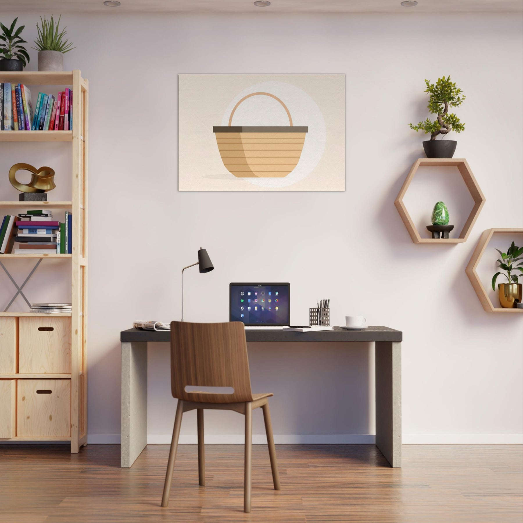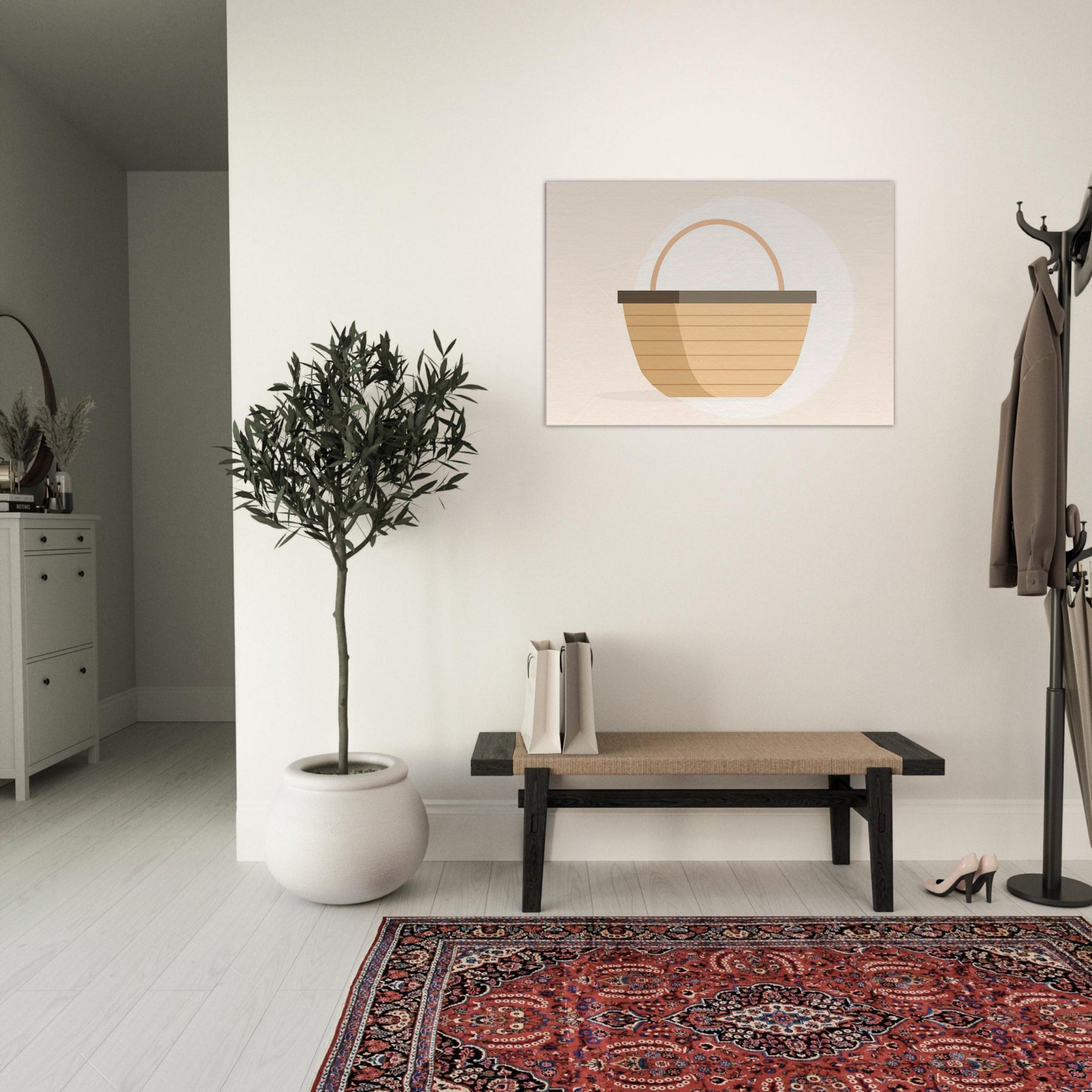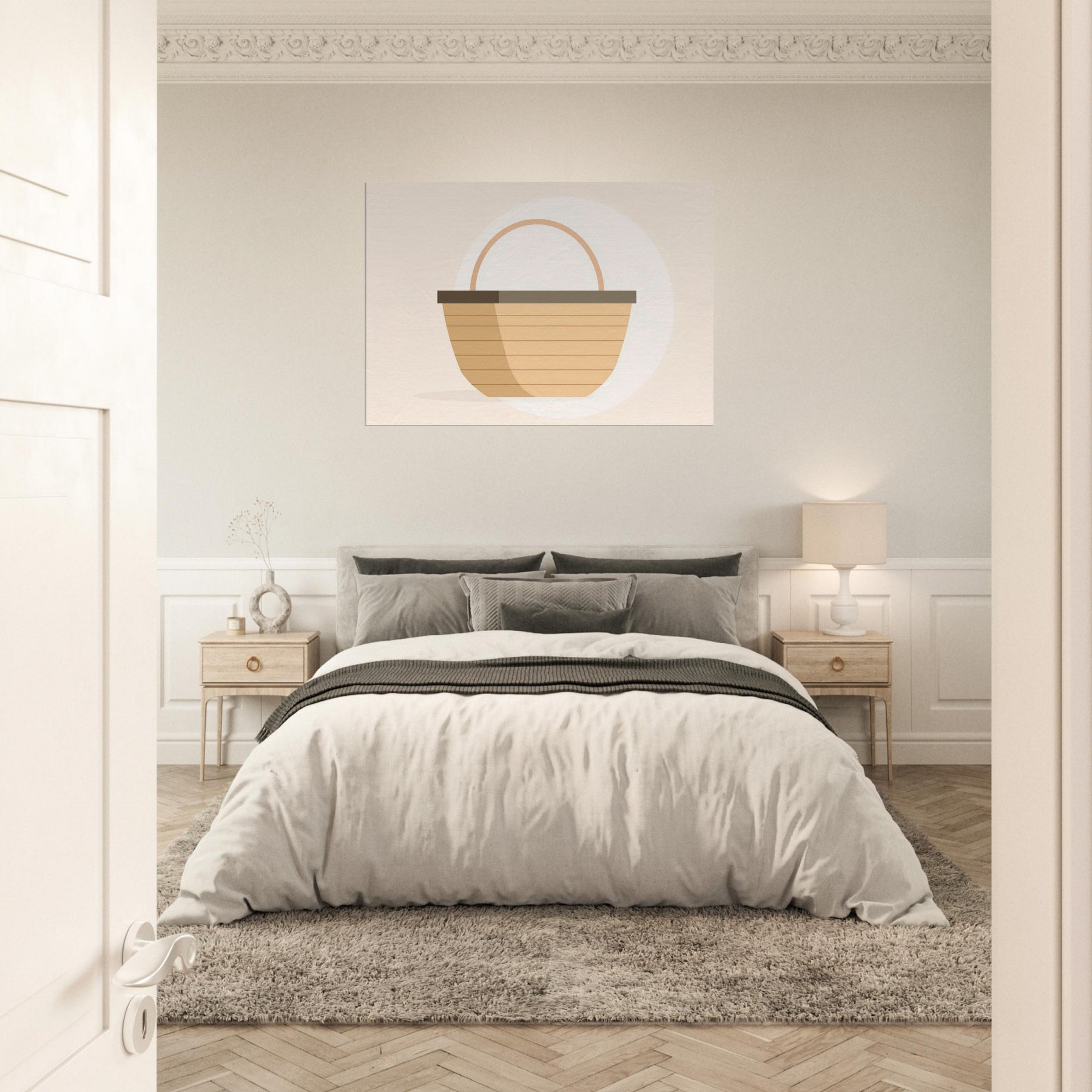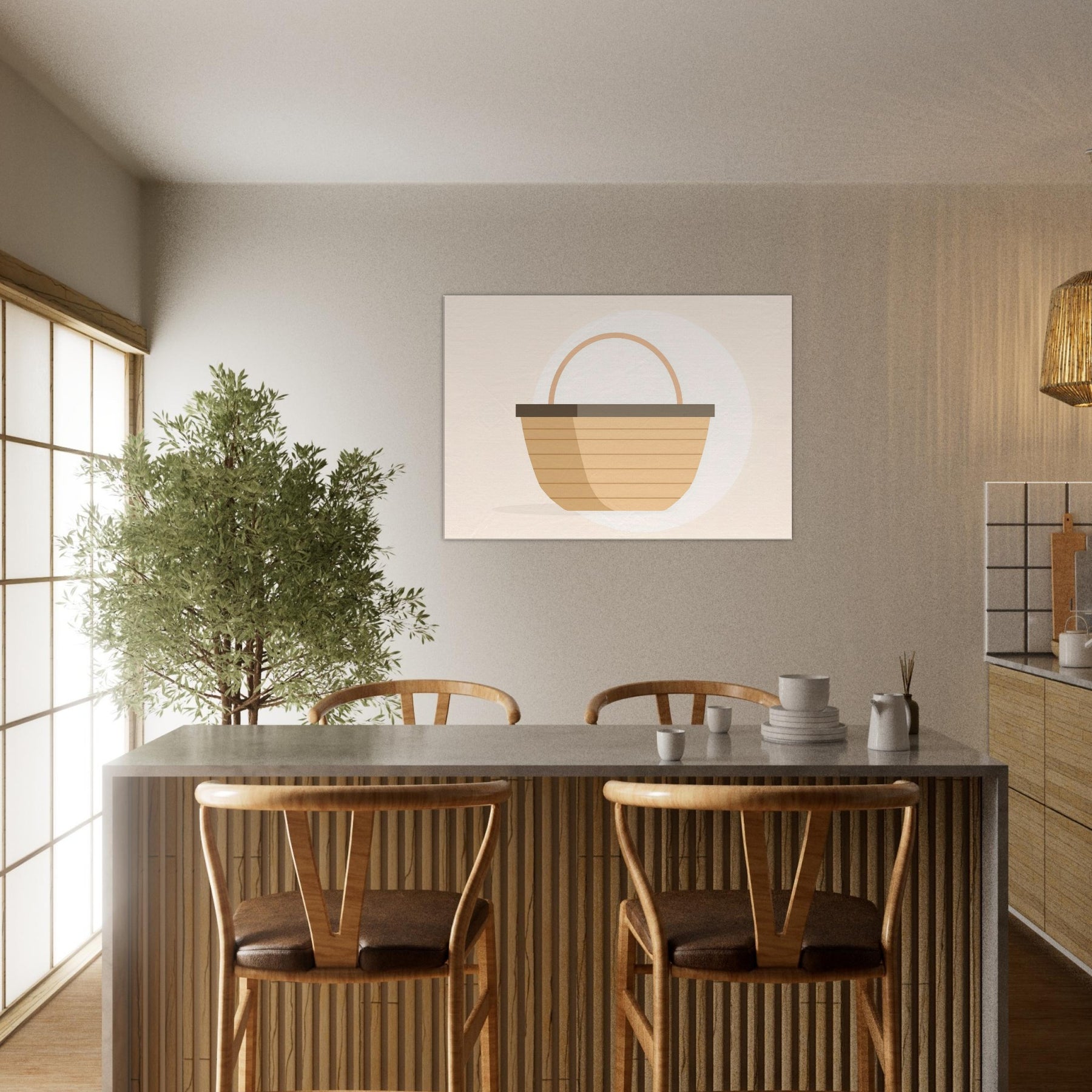 Bamboo Basket radiates quiet warmth, inviting a moment of stillness into any room. In soft, sunlit tones, the minimalist composition traces its curved silhouette and evenly spaced slats, casting delicate shadows that shift with the day. This piece is neither loud nor fussy; it hums with everyday ritual a reminder of mornings gathering light and evenings spent in quiet reflection. Hang it in a living area or entryway to elevate restraint into presence, letting Bamboo Basket breathe ease and grace across the space.
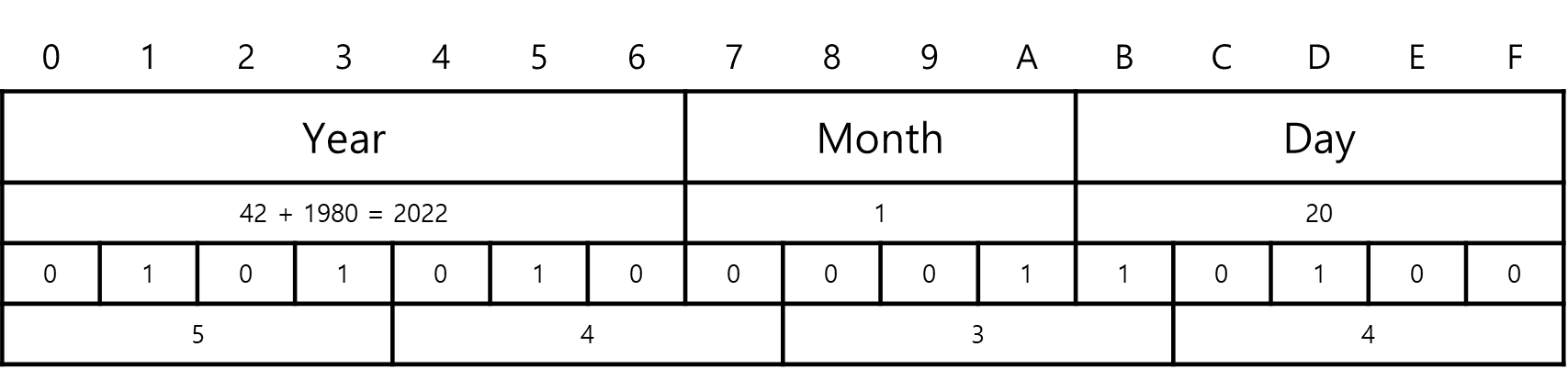 FAT의 디렉토리 엔트리는 날짜도 2 바이트로 표현한다. 상위 7 비트를 년(Year), 중간 4 비트를 월(Month), 하위 5 비트를 일(Day)로 사용하며, 년의 경우 1980년부터 흐른 년도를 의미하기 때문에 1980을 더해야 한다. Date 값이 리틀 엔디언으로 0x3454라면 년, 월, 일은 2022년 1월 20일을 의미하게 된다.
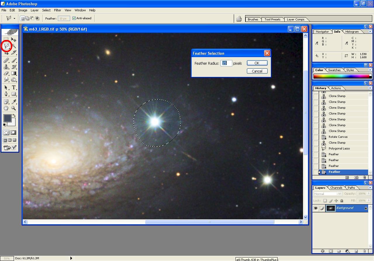 Using the Polygonal Lasso Tool (circled in red at left in image), encircle the blue star halo
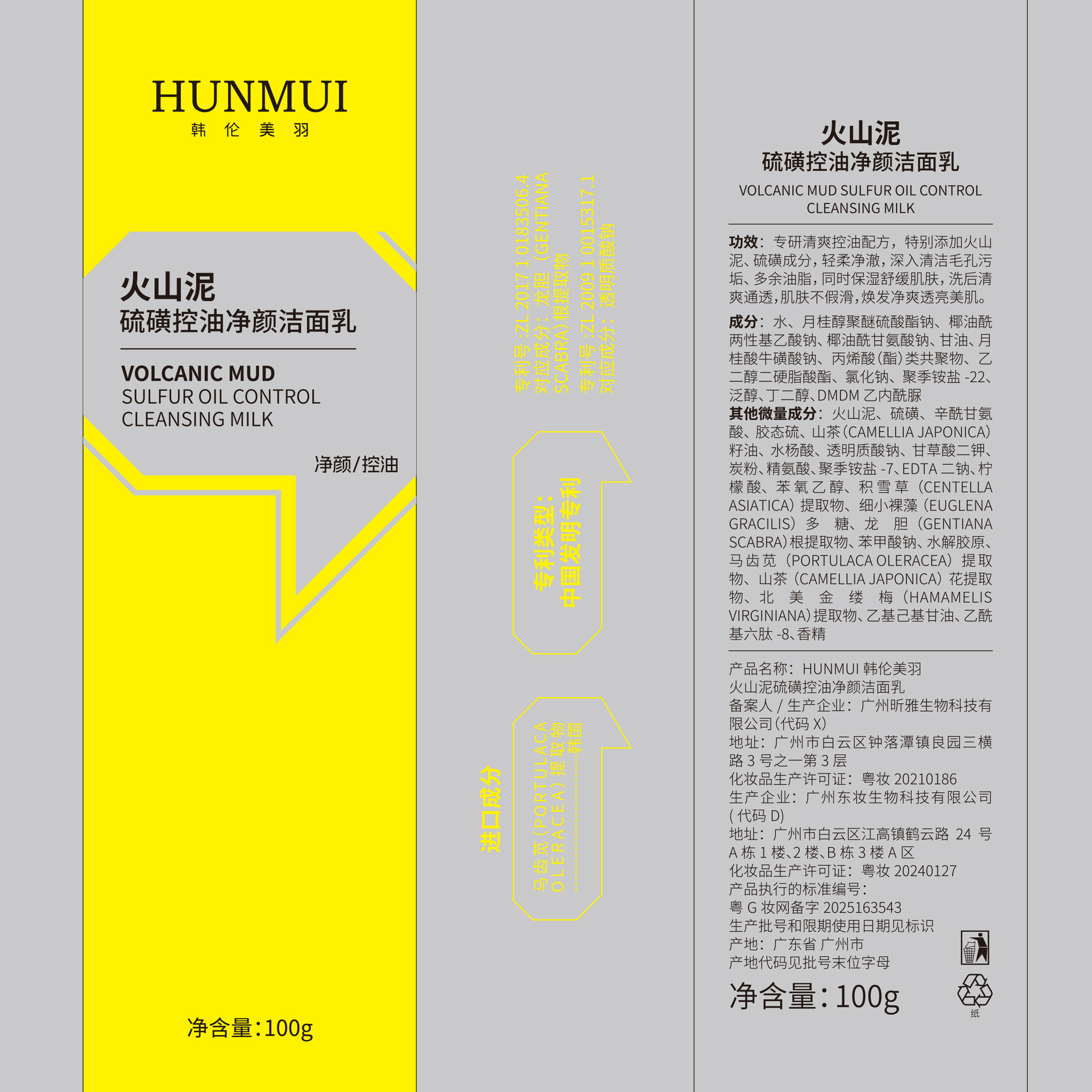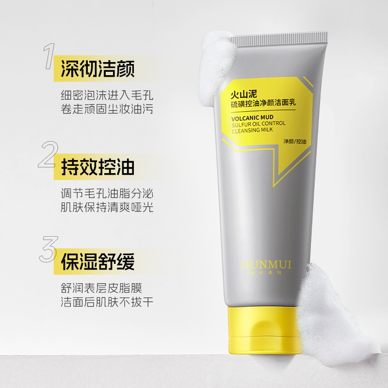 韩伦美羽火山泥硫磺控油净颜洁面乳易冲洗洁净不紧绷洁净洗面奶

**Problem to solve**
Pictures should not appear; only the lines from the start of the listing above to the line containing "FAT의 디렉토리 엔트리는", both ends included, are to be repeated exactly.

**Answer to this exercise**
 Bamboo Basket radiates quiet warmth, inviting a moment of stillness into any room. In soft, sunlit tones, the minimalist composition traces its curved silhouette and evenly spaced slats, casting delicate shadows that shift with the day. This piece is neither loud nor fussy; it hums with everyday ritual a reminder of mornings gathering light and evenings spent in quiet reflection. Hang it in a living area or entryway to elevate restraint into presence, letting Bamboo Basket breathe ease and grace across the space.
 FAT의 디렉토리 엔트리는 날짜도 2 바이트로 표현한다. 상위 7 비트를 년(Year), 중간 4 비트를 월(Month), 하위 5 비트를 일(Day)로 사용하며, 년의 경우 1980년부터 흐른 년도를 의미하기 때문에 1980을 더해야 한다. Date 값이 리틀 엔디언으로 0x3454라면 년, 월, 일은 2022년 1월 20일을 의미하게 된다.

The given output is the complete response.